WHAT THE TASK ASKS — Given the records underneath, please repeat exactly the lines from the line with "Edelstein: Brillant, 1 ct, G/SI" through the line with "جب بار کوڈ کا", passing over any picture.

+ + + + + + +

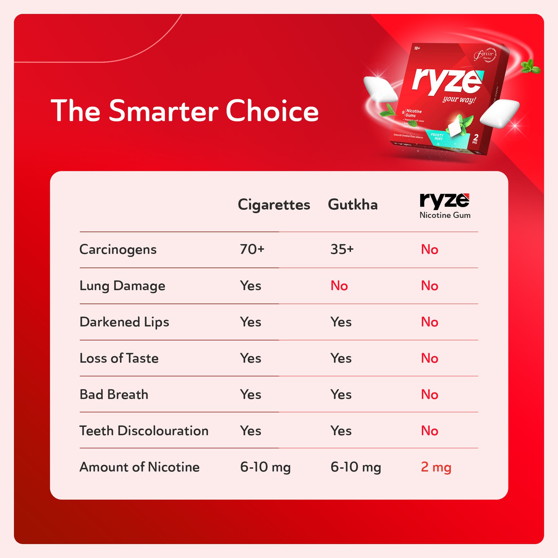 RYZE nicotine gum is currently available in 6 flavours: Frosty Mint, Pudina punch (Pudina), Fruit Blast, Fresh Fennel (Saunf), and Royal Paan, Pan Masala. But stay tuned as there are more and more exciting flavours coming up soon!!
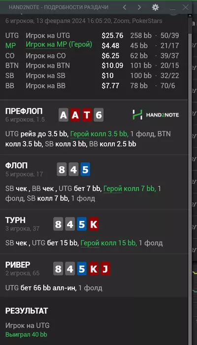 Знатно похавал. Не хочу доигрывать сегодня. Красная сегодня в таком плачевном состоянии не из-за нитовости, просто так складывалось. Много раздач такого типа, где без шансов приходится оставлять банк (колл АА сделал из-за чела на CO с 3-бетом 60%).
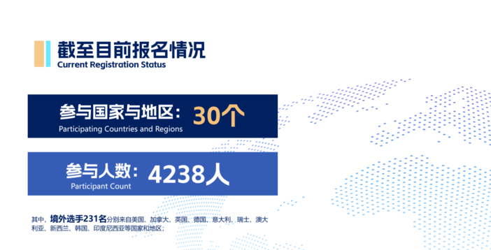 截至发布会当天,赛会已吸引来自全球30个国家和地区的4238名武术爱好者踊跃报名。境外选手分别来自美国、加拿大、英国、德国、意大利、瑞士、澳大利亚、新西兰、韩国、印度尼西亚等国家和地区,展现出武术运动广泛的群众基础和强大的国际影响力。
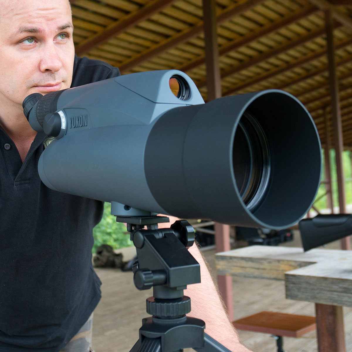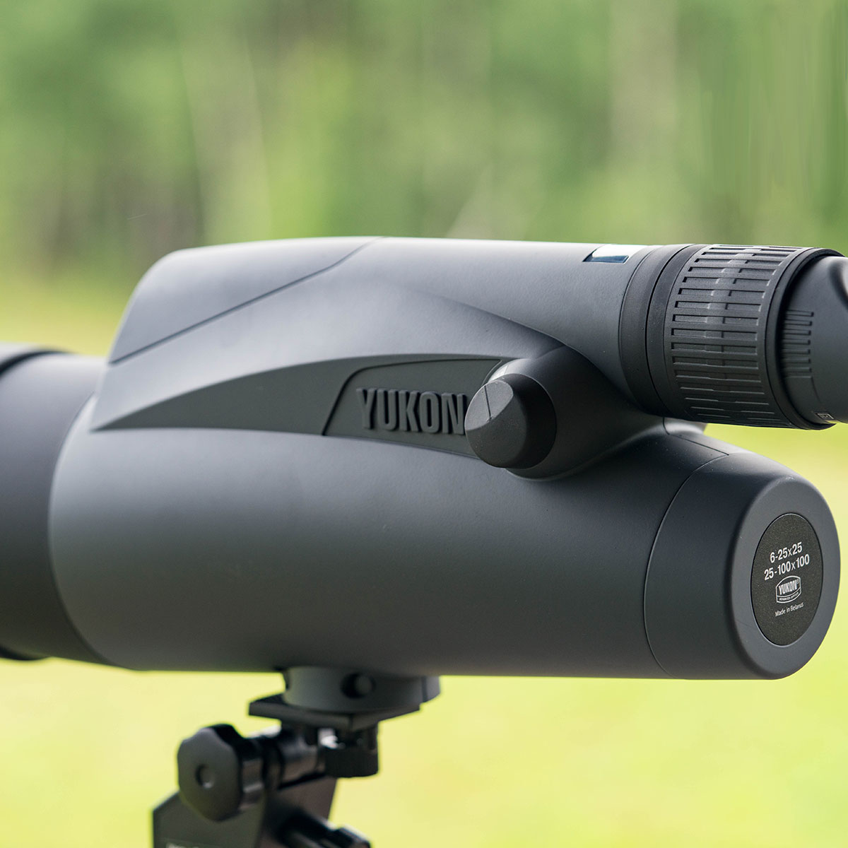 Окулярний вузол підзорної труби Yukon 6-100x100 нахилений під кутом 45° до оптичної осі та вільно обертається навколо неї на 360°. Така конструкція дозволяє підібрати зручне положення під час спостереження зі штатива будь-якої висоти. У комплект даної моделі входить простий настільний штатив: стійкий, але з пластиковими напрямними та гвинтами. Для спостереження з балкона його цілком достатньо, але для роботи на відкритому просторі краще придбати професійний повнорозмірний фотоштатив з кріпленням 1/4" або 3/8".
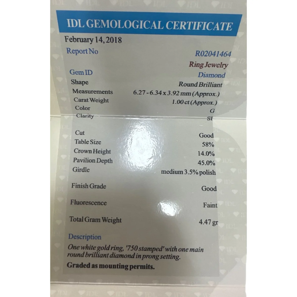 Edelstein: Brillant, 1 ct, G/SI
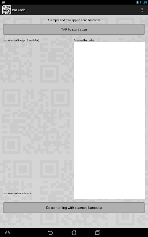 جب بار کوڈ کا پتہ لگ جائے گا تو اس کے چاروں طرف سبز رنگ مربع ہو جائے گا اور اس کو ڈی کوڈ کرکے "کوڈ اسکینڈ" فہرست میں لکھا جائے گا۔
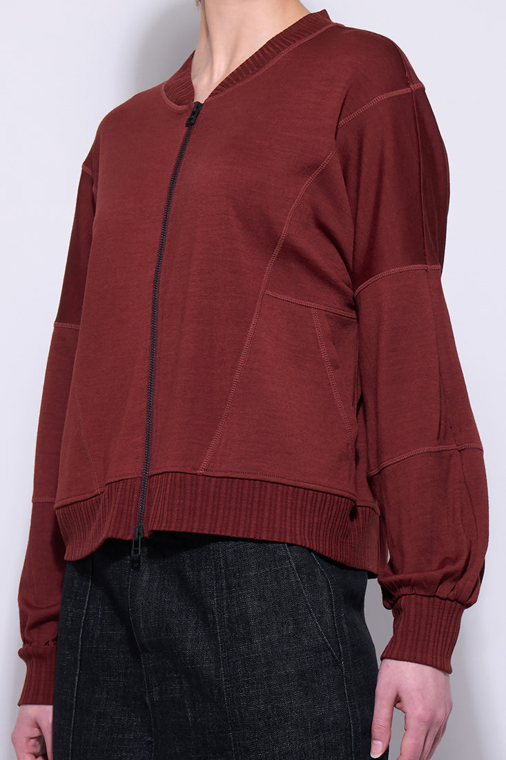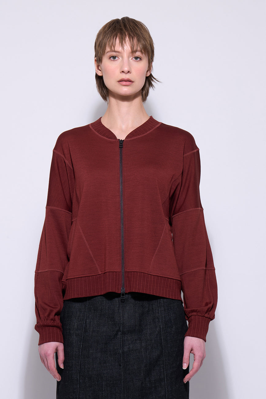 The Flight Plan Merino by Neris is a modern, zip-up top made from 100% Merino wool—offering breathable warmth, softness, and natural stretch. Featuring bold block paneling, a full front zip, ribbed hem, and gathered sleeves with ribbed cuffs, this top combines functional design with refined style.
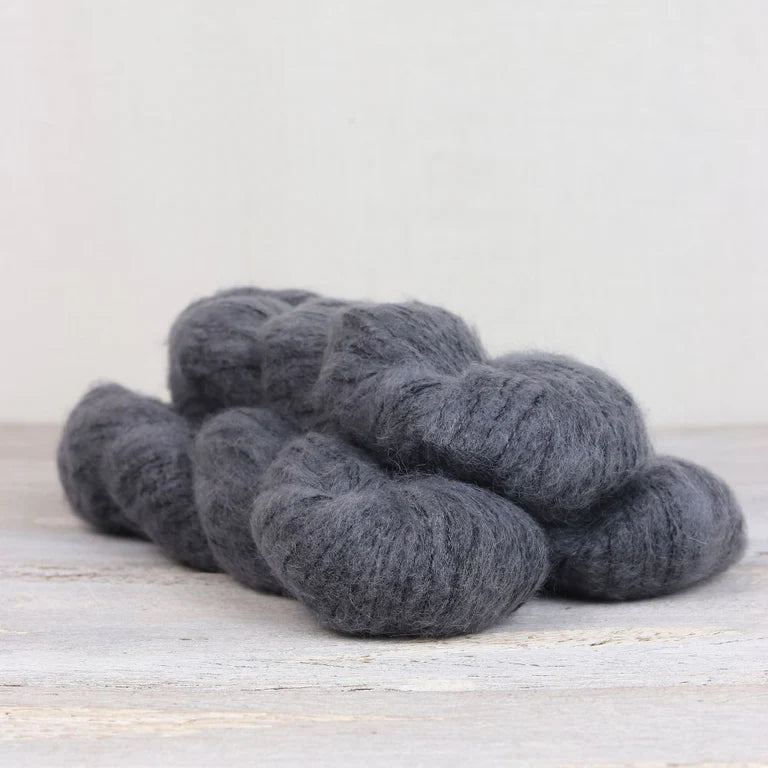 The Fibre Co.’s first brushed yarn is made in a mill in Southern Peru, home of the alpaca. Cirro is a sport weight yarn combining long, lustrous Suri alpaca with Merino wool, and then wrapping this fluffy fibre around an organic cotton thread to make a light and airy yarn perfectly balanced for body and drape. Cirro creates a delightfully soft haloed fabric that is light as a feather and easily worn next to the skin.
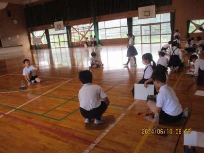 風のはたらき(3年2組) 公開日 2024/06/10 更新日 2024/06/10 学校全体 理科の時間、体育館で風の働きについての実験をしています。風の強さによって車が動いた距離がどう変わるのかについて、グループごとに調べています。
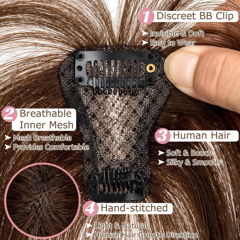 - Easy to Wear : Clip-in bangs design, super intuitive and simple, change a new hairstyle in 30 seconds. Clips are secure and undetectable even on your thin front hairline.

+ + + + + + +

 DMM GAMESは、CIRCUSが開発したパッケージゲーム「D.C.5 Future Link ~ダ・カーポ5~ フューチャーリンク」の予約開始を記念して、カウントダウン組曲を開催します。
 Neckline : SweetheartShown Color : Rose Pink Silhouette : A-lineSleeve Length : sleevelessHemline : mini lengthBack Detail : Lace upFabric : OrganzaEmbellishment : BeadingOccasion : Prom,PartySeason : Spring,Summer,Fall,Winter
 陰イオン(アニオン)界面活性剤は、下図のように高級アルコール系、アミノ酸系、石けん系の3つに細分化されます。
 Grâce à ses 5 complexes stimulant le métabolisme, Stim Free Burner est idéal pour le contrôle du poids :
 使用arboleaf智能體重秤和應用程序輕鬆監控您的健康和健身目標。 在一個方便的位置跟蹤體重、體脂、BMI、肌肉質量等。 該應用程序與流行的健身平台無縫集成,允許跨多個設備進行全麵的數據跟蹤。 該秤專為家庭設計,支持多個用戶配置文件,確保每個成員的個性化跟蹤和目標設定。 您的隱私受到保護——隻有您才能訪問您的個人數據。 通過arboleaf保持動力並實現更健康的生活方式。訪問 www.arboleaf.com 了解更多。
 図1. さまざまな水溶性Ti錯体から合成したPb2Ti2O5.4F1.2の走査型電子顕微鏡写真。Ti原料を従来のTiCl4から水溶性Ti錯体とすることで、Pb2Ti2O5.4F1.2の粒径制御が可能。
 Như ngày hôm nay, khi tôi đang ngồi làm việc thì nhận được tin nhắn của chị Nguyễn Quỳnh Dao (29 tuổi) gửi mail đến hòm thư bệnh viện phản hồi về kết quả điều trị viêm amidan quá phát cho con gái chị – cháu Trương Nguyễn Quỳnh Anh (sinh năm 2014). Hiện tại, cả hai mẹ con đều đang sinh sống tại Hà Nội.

+ + + + + + +

ANSWER TO THIS PROBLEM —
 Edelstein: Brillant, 1 ct, G/SI
 جب بار کوڈ کا پتہ لگ جائے گا تو اس کے چاروں طرف سبز رنگ مربع ہو جائے گا اور اس کو ڈی کوڈ کرکے "کوڈ اسکینڈ" فہرست میں لکھا جائے گا۔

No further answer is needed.